New York

Mayor, NYPD cite repeat suspects in call for NY bail change

Eighty-eight times since 2020, say NYPD sources, Harold Gooding has been busted on larceny charges — yet cops and judges under New York’s bail laws have repeatedly let him free without bail.

Gooding’s record frustrates Mayor Adams and NYPD brass, who say he has escaped the possibility of being held on bail at Rikers Island while awaiting trial more than any other criminal suspect since New York’s bail reforms took effect in 2020.

Adams and Police Commissioner Keechant Sewell appeared at a One Police Plaza news conference Wednesday to argue that Gooding and nine other suspects who’ve avoided being sent to jail while awaiting trial on numerous charges show why the state’s bail laws need to be tweaked.

“This is not attacking some of the needed reforms that we have,” Adams said. “This is about a small number of people that are taking advantage of the existing laws to endanger out city.”

“We are seeing tragedies every day on the streets of this city we love and serve,” said Sewell. “People are suffering and more and more are unnecessarily becoming victims — victims of repeat offenders who have shown that their criminal behavior is given no consequences.”

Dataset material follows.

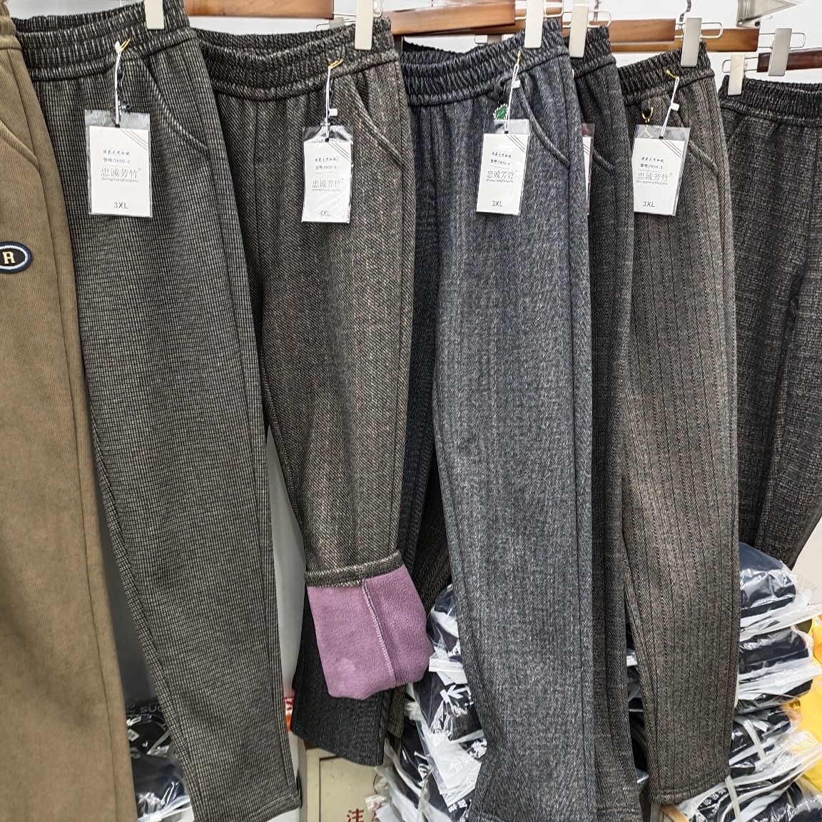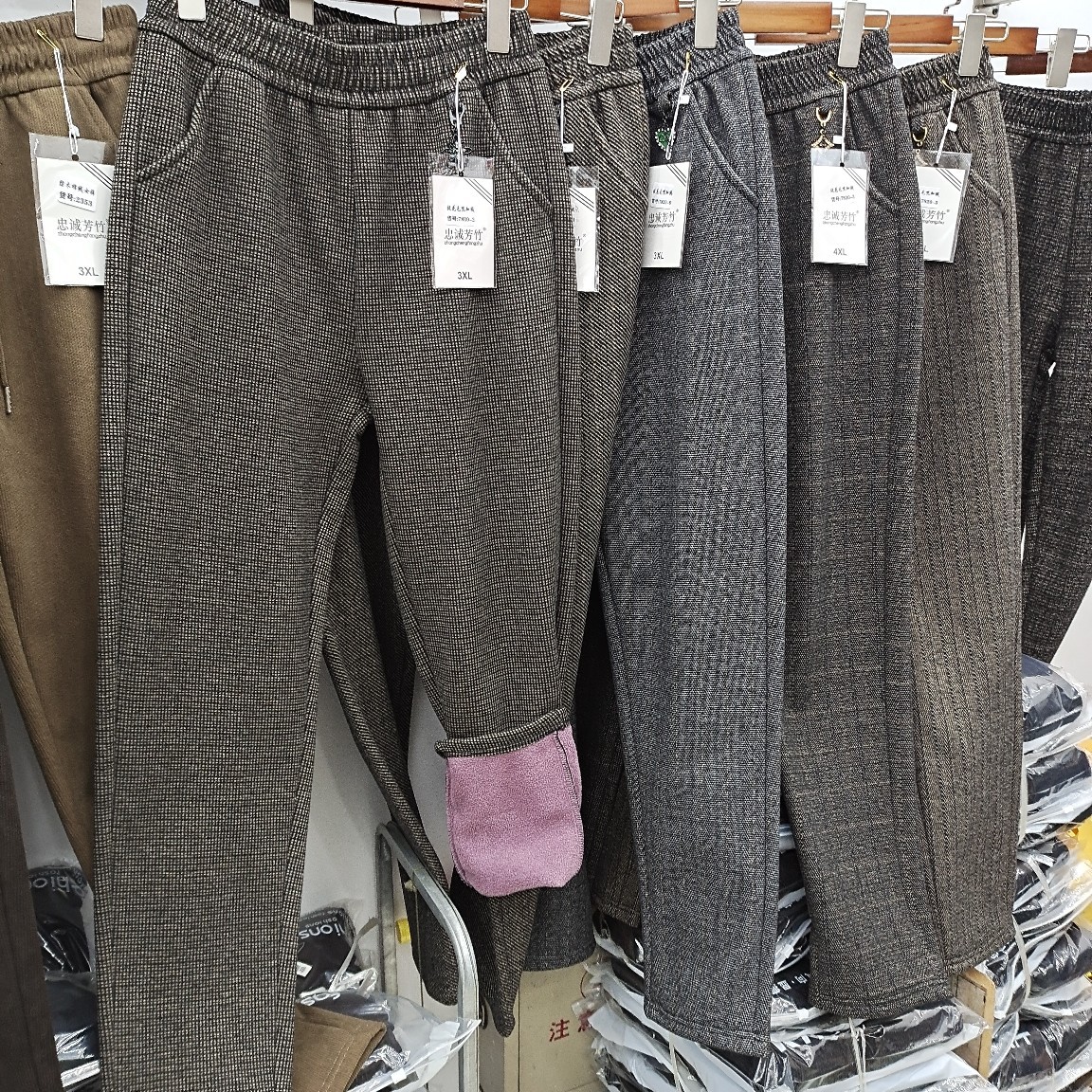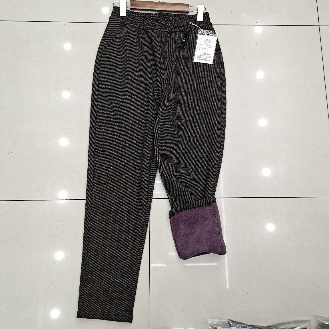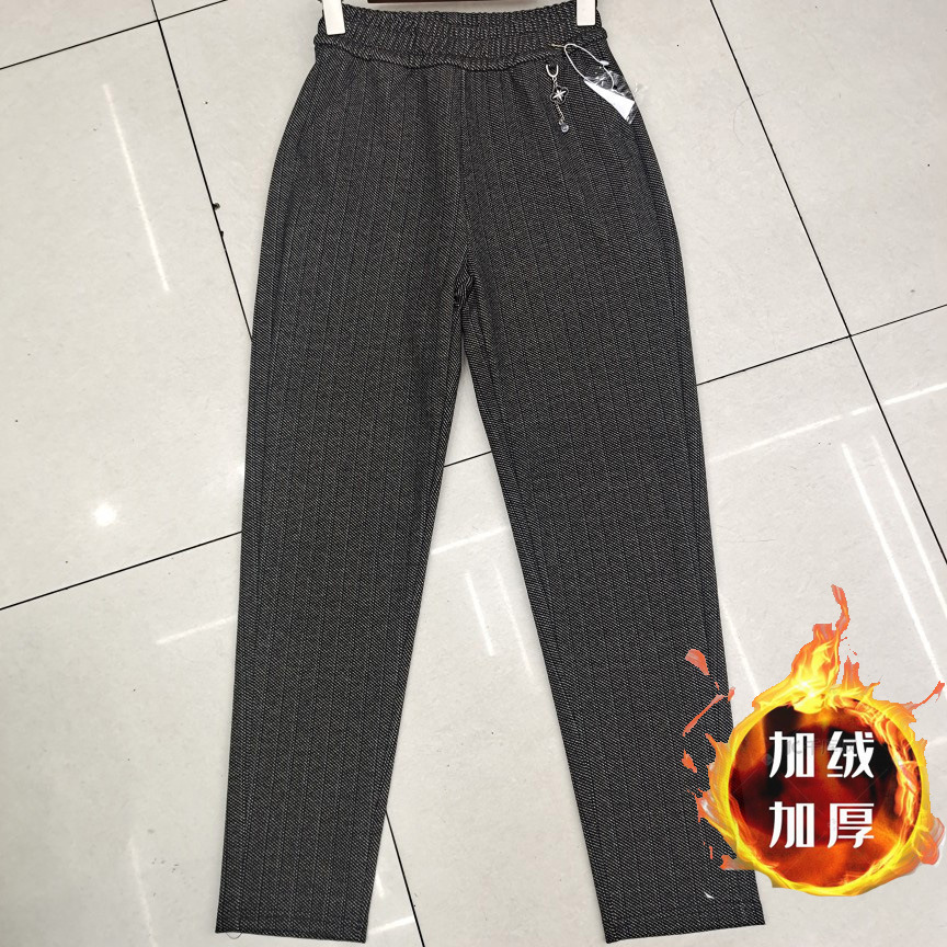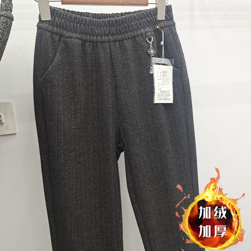 高档加绒加厚提花休闲裤2023年秋冬新款高腰显瘦百搭直筒裤宽松裤

Bail reform advocates are not ready to abandon their cause, and maintain that the changes that took effect in 2020 should stay on the books.

“Let’s not tell New Yorkers all we’ve got to do is to lock up the Black and brown people who are the children of the parents we locked up 20 years ago,” Public Advocate Jumaane Williams said before the news conference.

“That’s not leadership,” Williams said. “And on top of that you want to lock them up on Rikers Island, where people are dying on a regular basis waiting for their trial.”

But Adams, Sewell and law enforcement officials frustrated by the laws say suspects like Gooding prove their point about the need to fix bail reform.

Gooding, 53, who’s also known as Jamel White, served prison time for robbery and burglary convictions in Brooklyn, say police sources. His career of 101 arrests includes 88 busts since the bail laws took effect.

Of those 88 arrests since 2020, 74 are for for petit and grand larceny charges, all of which are in Manhattan. Those 74 arrests include two pending cases in which he’s accused of five separate incidents of stealing from Target stores.

In all, police sources say, Gooding has 15 criminal convictions, including two for violent felonies, one for a non-violent felony, and 10 for misdemeanors. And at least 14 times, say the sources, Gooding has skipped court hearings.

Those on the NYPD’s top 10 recidivist list have between them been arrested 485 times since the bail reform laws took effect.

Those 485 arrests amount to 75% of the suspects’ total histories of 642 arrests, the police numbers show.

No. 7 on the list has been arrested 33 times since bail reform took effect, said police. Those arrests include 17 residential and commercial burglaries in Brooklyn.

No. 7 also has ignored at least nine court hearings — which cops called a “significant bench warrant history.”

The suspect has pleaded guilty to at lest two attempted burglary charges, for which he’s awaiting sentencing — and is still out on bail, police say.

Suspect No. 8 on the police list has 25 arrests since bail reform took effect, including 21 in Brooklyn. In nine arrests, Suspect No. 8 is charged with robbery. The suspect has also been charged eight times with burglary, say police.

No. 8 has been convicted in three cases, and is out while he awaits sentencing.

The list of of repeat criminal suspects released by police includes one person arrested 67 times and another arrested 59 times since bail reform took effect.

A small number of people are responsible for a large amount of crime in the city, police say.

NYPD Chief of Crime Control Strategies Michael LiPetri said that 716 people — just 0.008% of the city’s population — are to blame for for 30% of the 2,400 shootings in the city since the start of 2022.

Adams and his police executives say the NYPD is on the job — and note that officers have made more arrests this year and more gun arrests than at any time in the past 29 years.

But they say the bail laws skew too far from the interests of public safety, and too much toward the rights of the accused.

Adams noted that far more burglary and grand larceny suspects, for instance, are re-arrested within 60 days under the current laws than was the case in 2017, years before bail reform took effect.

Sewell said that because of the bail laws — which bar judges from setting bail for most non-violent crimes, including felonies — criminal defendants like Gooding understand that their crimes have few or no consequences.

“They see that because they’ve been through the system before — sometimes dozens and some even more than 100 times — and they are allowed out the door and back out on the streets,” the police commissioner said.